Верити повернула книгу к себе, чтобы лучше разглядеть заклинание, и окинула взглядом строки.
– Для этого понадобится чужая кровь, и очень много.
Эти слова напомнили разговор с Гидеоном в лесу и сказанное им о сестрах-королевах. Если кто и мог сказать ей, правда ли это, так только Верити. Ее сестры дружили с Роузбладами и часто вместе занимались магией.
– Верити, тебе известно, правда ли сестры Роузблад использовали заклинания арканы?
Верити перевела взгляд с книги на подругу:
– Почему ты интересуешься?
– Я узнала от Гидеона нечто весьма странное и любопытное. – Щеки ее вспыхнули румянцем, когда она вспомнила о произошедшем на пляже. О том, как, сняв одежду, он отбросил ее на песок, вошел в море, позволяя воде добраться до самого торса.

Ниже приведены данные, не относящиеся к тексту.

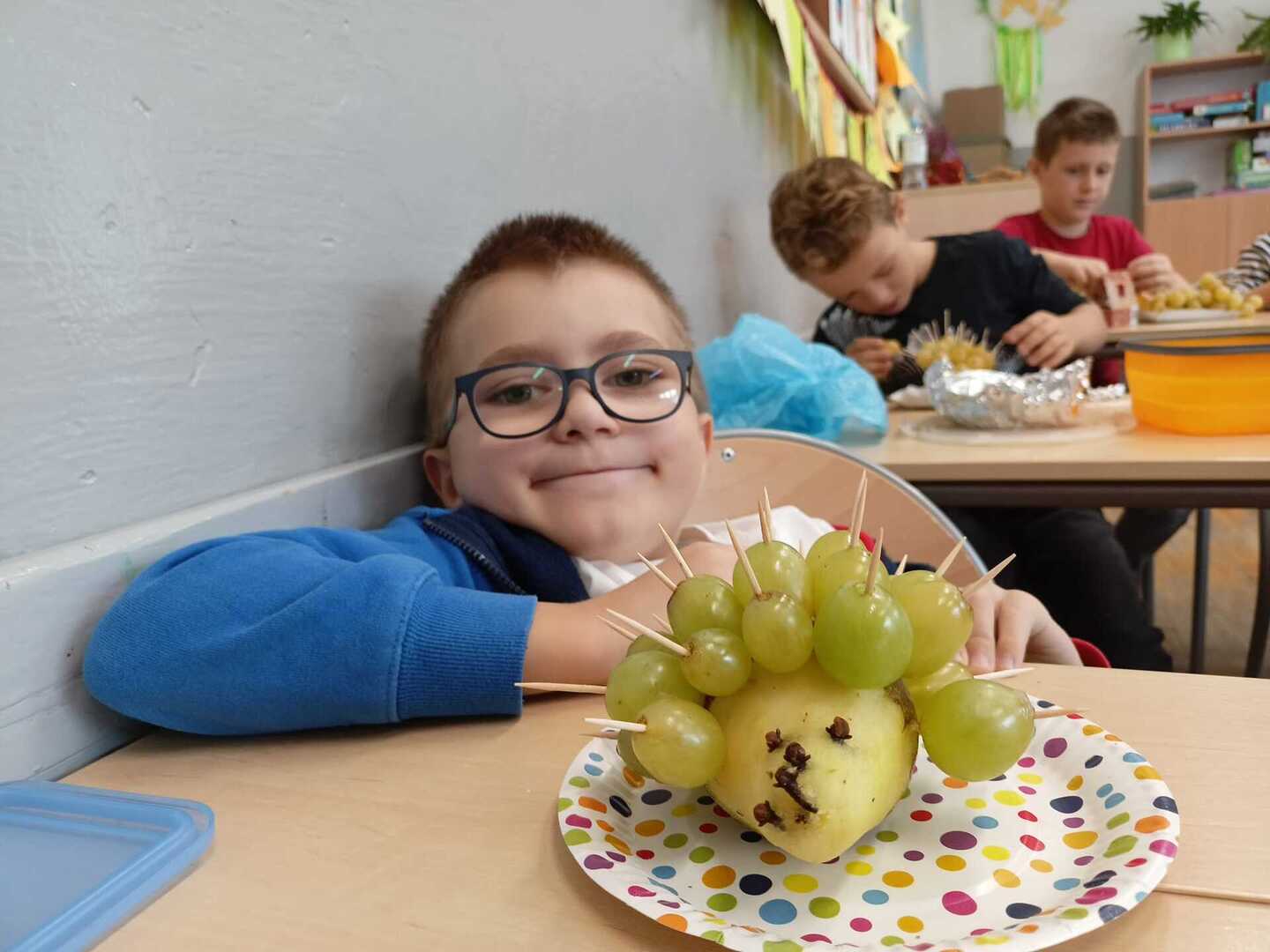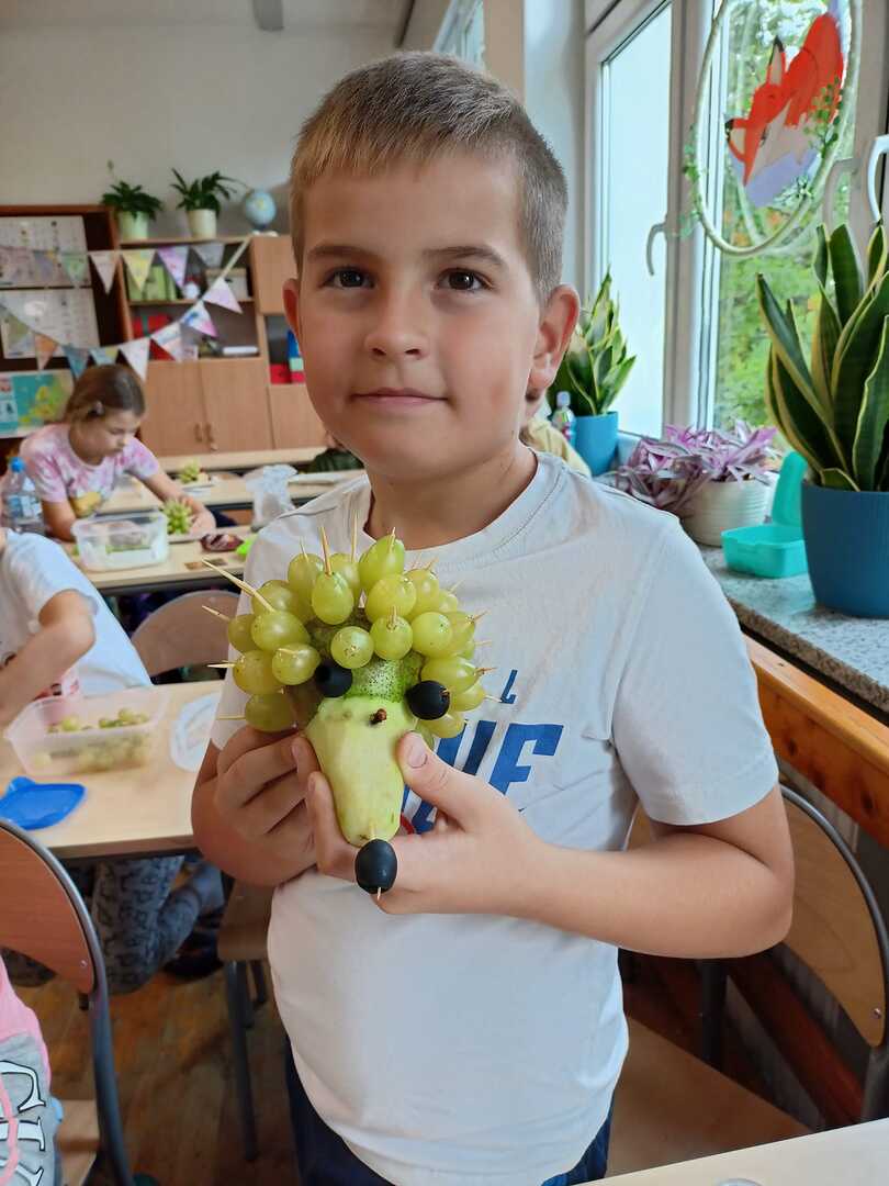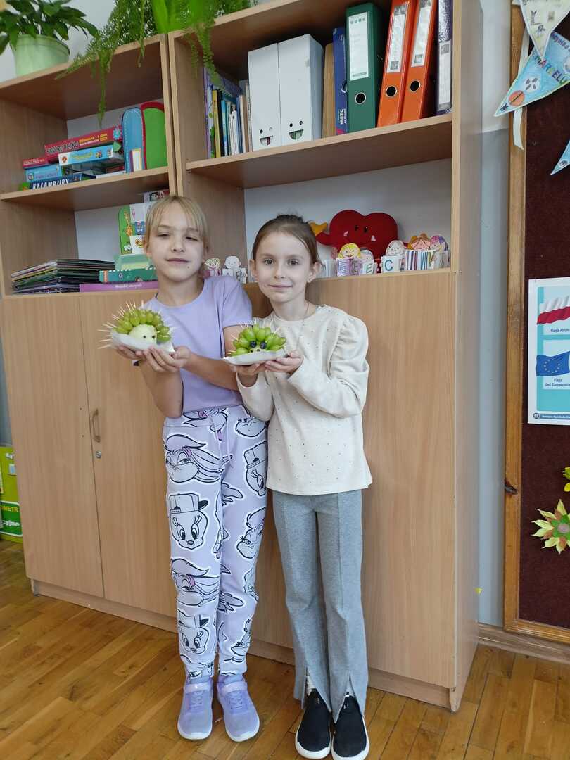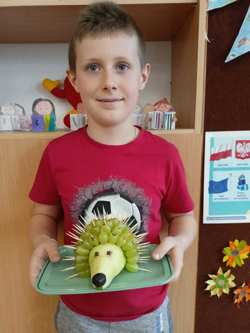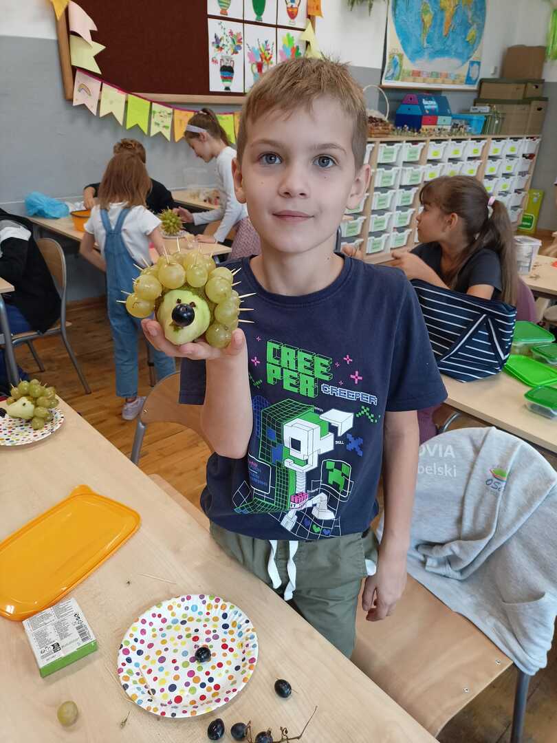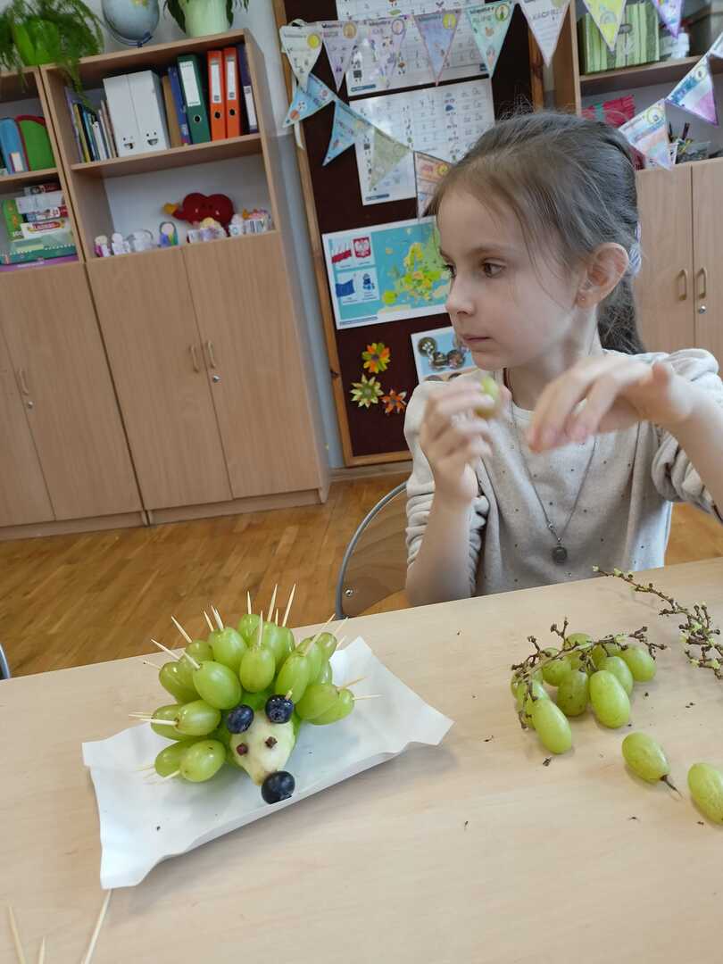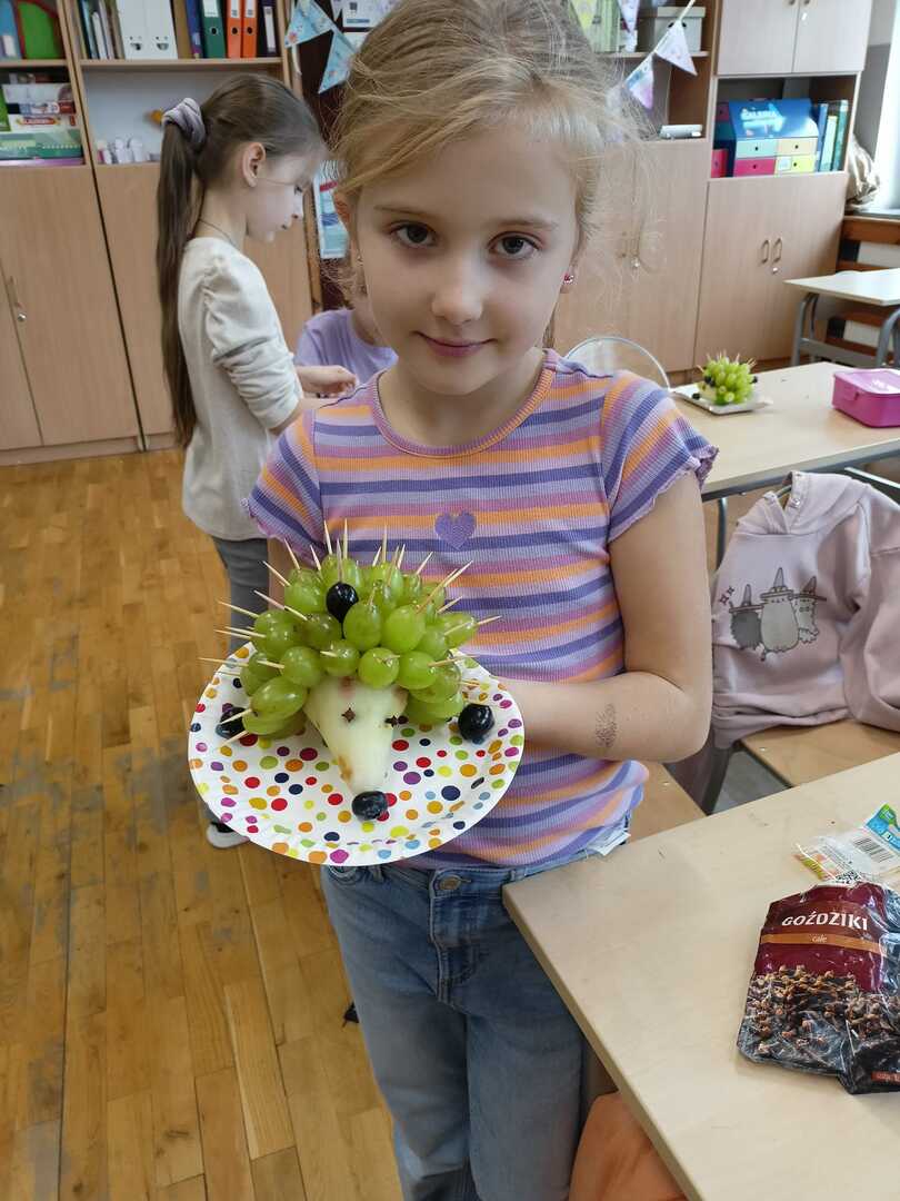 Uczniowie klasy II b podczas zajęć przygotowali wspaniałe owocowe jeże. Pierwsze kulinarne doświadczenia za nami. Było wesoło i pysznie.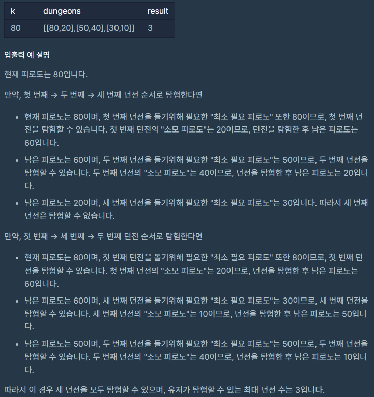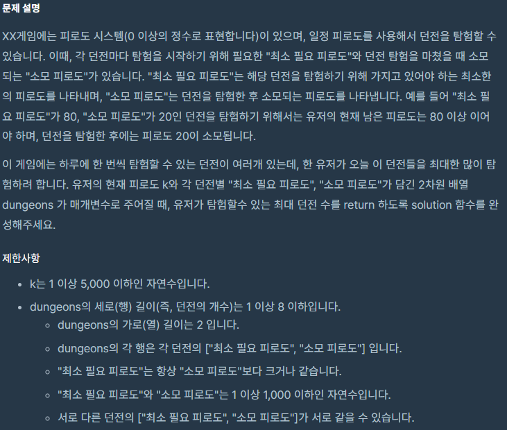 def solution(k, dungeons):

А потом прикосновение его губ.
– Он рассказал, что Крессида и ее сестры убивали людей и кровь их использовали для заклинаний. Он сказал, их души разъедала черная магия.
– И ты ему поверила?
Руна вспомнила о клейме на груди Гидеона: красная, деформированная кожа с изображением розы и полумесяца. Одно это можно счесть подтверждением жестокости Крессиды.
– Я не знаю, стоит ли верить, но это объяснило бы их могущество.
Верити задумчиво посмотрела на подругу:
– Именно так мой отчим настроил маму против сестер.
– Что? – Руна вздрогнула и отшатнулась.
– Сестры использовали кровь других людей для заклинаний маджор. С их разрешения, разумеется. Однажды отчим застал их за занятием магией. После этого объявил колдовство мерзостью и убедил маму, что из них необходимо выбить все зло.
Руна смотрела на Верити с ужасом – она раньше ни о чем таком не рассказывала. Видя, что та вся дрожит, потянулась, взяла ее за руку и сплела пальцы.
– Как страшно.
Верити сжала ее руку так, что побелели костяшки.
– Он запирал их на несколько дней в чулане, бил ремнем по голым спинам. Заставлял по несколько часов стоять на коленях на битом стекле. – Верити впилась в ее ладонь ногтями, словно переживая их боль. – Хуже всего было то, что мама ему это позволяла. Она была поглощена горем, ведь много лет назад во время родов она потеряла нашу сестру и не смогла оправиться. Отчим использовал ее слабое здоровье против нее, убеждал, что мои сестры – воплощенное зло. Потому мама ничего не предпринимала, когда слышала их истошные крики. Приняла его сторону, а не своих дочерей.
«А потом и вовсе передала дочерей Кровавой гвардии», – подумала Руна.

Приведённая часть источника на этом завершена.